_Exercise brief_
Would you transcribe the listing that follows, character for character, and omit its images?

_Exercise data_

□ □ □ □ □

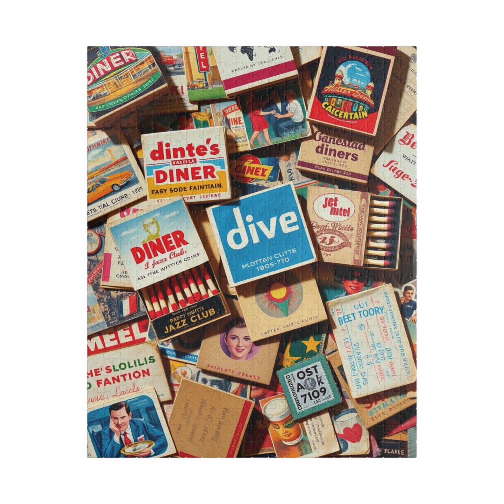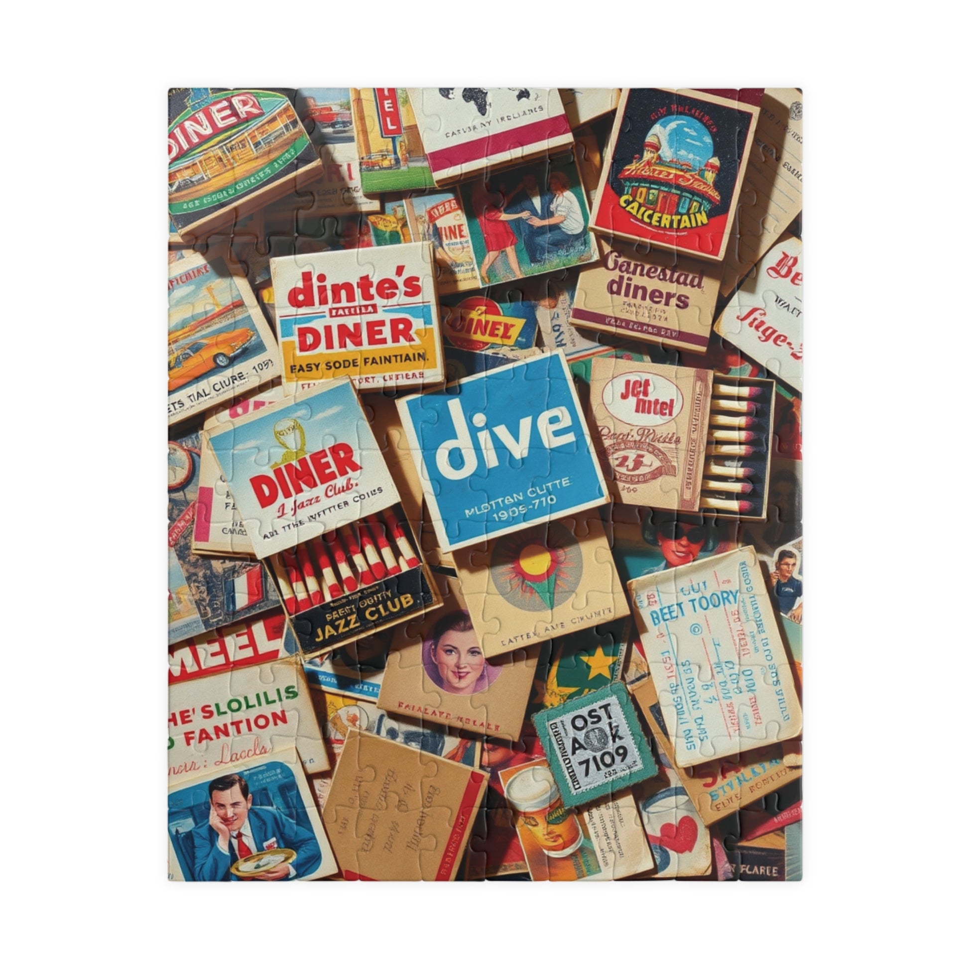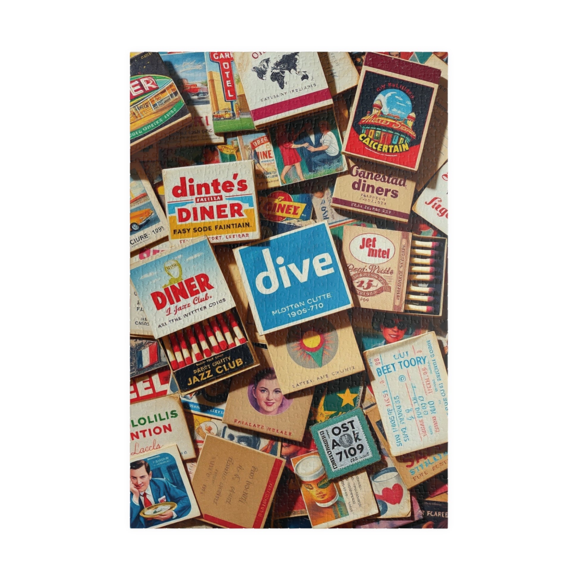 Vintage Matchbook Collage Jigsaw Puzzle, Retro Americana Memorabilia, Old Matchboxes Postcards and Receipts, Mid-Century Diner Motel Designs
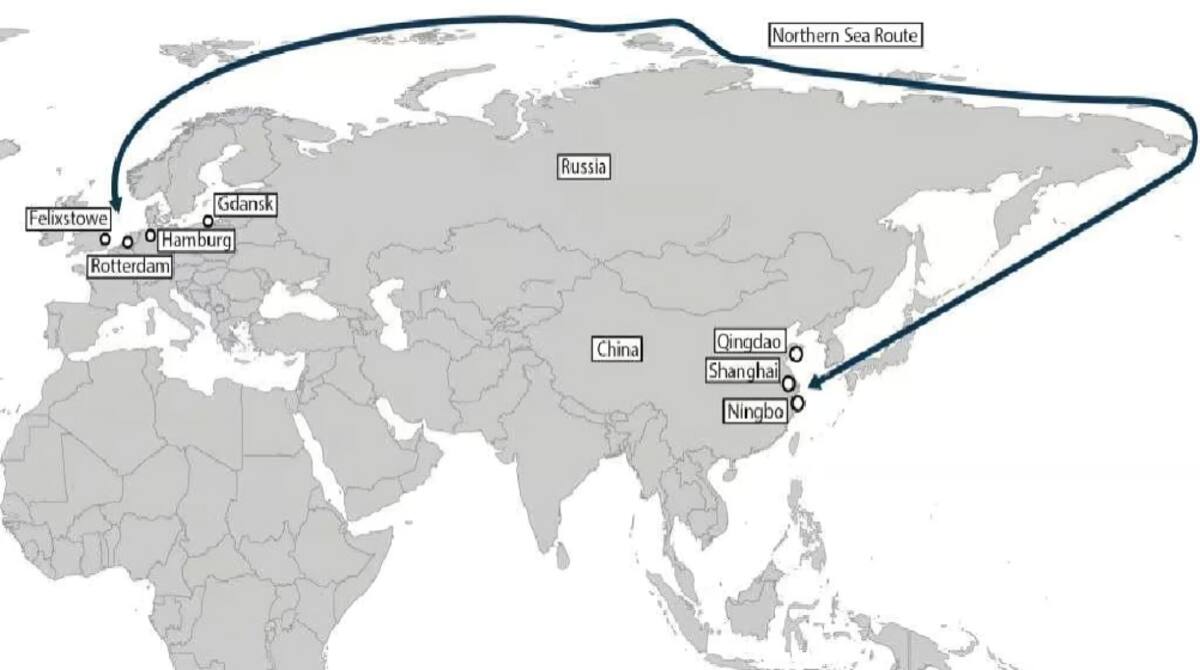 El trayecto aprovecha la Ruta del Mar del Norte (NSR), que atraviesa el Ártico, ofreciendo una vía más rápida y segura, con menor riesgo de piratería o bloqueos políticos.
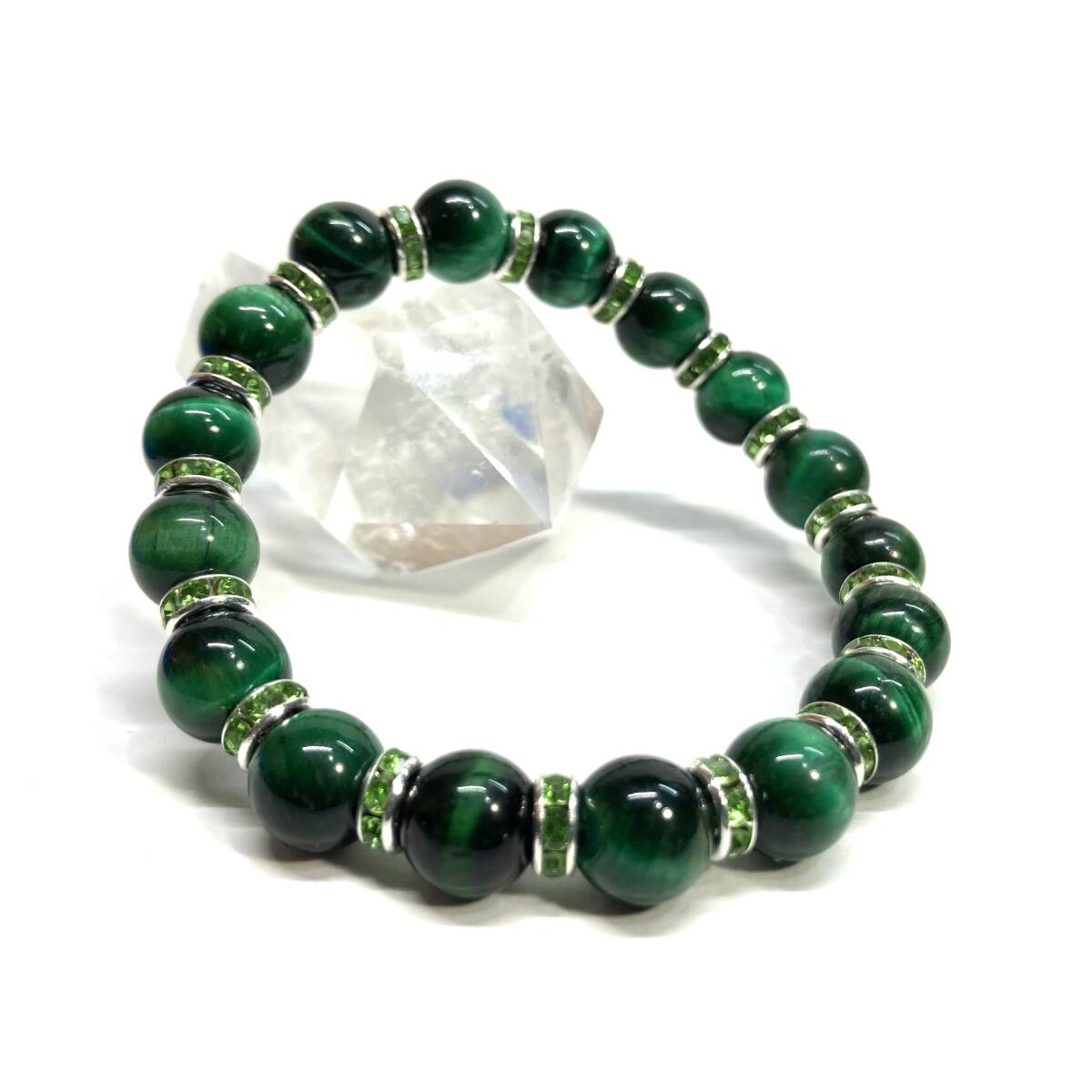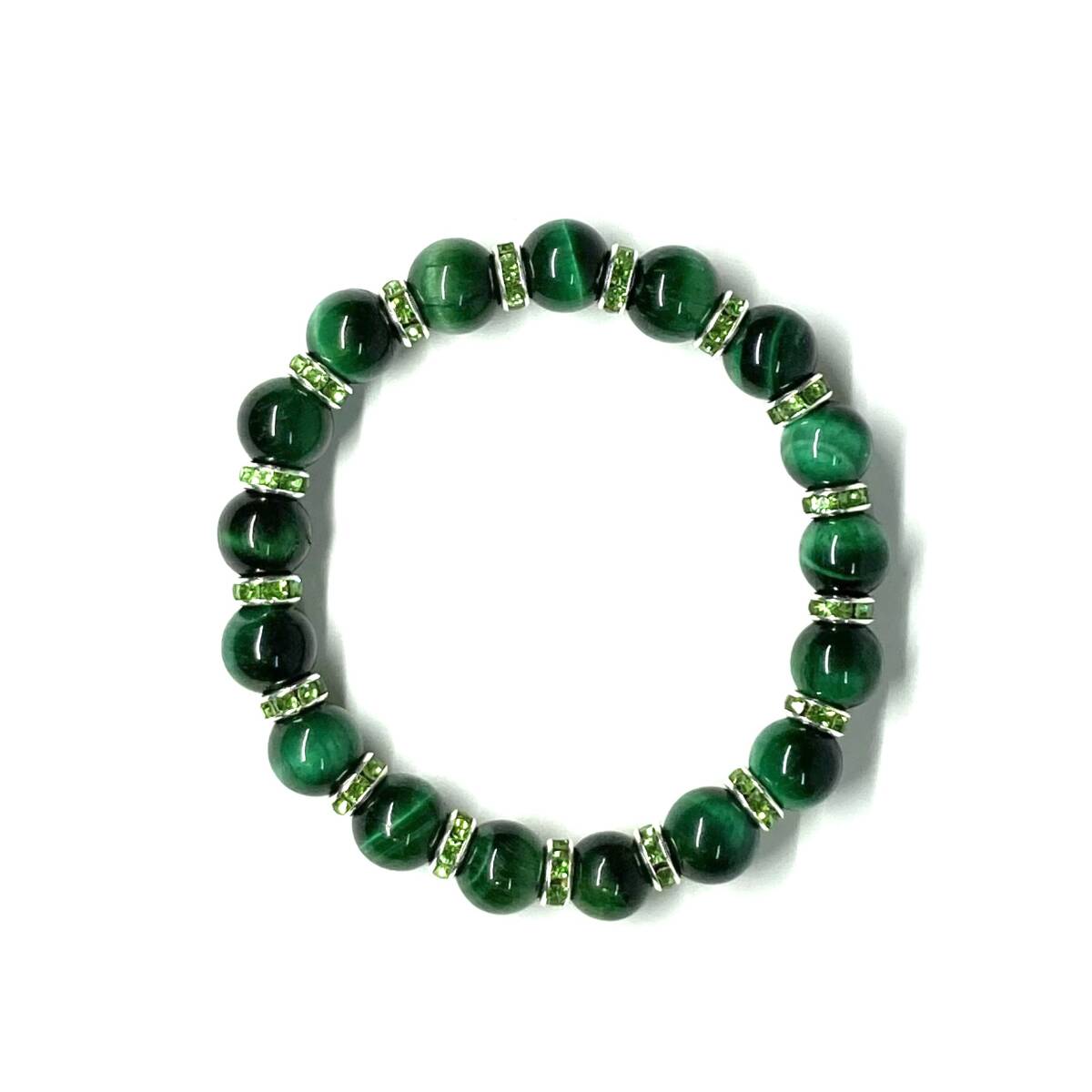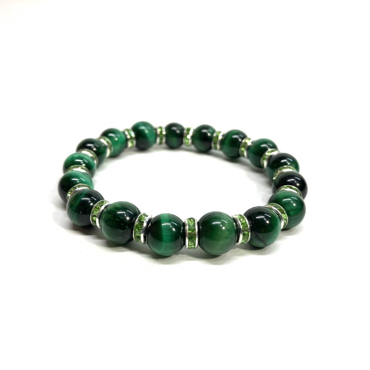 こちらは、グリーンタイガーアイの8mm玉を使用したパワーストーンブレスレットです。石との間にはロンデルを挟み高級感を演出しております。シンプルなデザインは、シーン問わずどんなコーディネートとも合わせ易いブレスレットです。サイズは内径約15cmです。当社の中でも一番人気の実績があるデザインとなっております。気になる方はお早めにどうぞ。
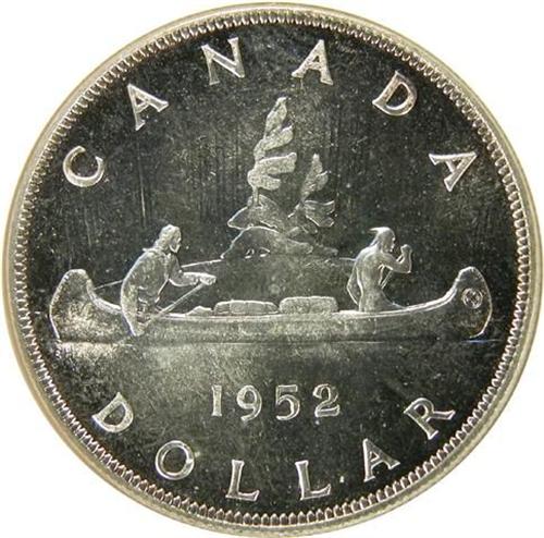 Canada Silver Dollar 1952 No Waterlines NGC PL-64. A superbly lustrous piece with light golden rim toning

□ □ □ □ □

_Response to the exercise_
 Vintage Matchbook Collage Jigsaw Puzzle, Retro Americana Memorabilia, Old Matchboxes Postcards and Receipts, Mid-Century Diner Motel Designs
 El trayecto aprovecha la Ruta del Mar del Norte (NSR), que atraviesa el Ártico, ofreciendo una vía más rápida y segura, con menor riesgo de piratería o bloqueos políticos.
 こちらは、グリーンタイガーアイの8mm玉を使用したパワーストーンブレスレットです。石との間にはロンデルを挟み高級感を演出しております。シンプルなデザインは、シーン問わずどんなコーディネートとも合わせ易いブレスレットです。サイズは内径約15cmです。当社の中でも一番人気の実績があるデザインとなっております。気になる方はお早めにどうぞ。
 Canada Silver Dollar 1952 No Waterlines NGC PL-64. A superbly lustrous piece with light golden rim toning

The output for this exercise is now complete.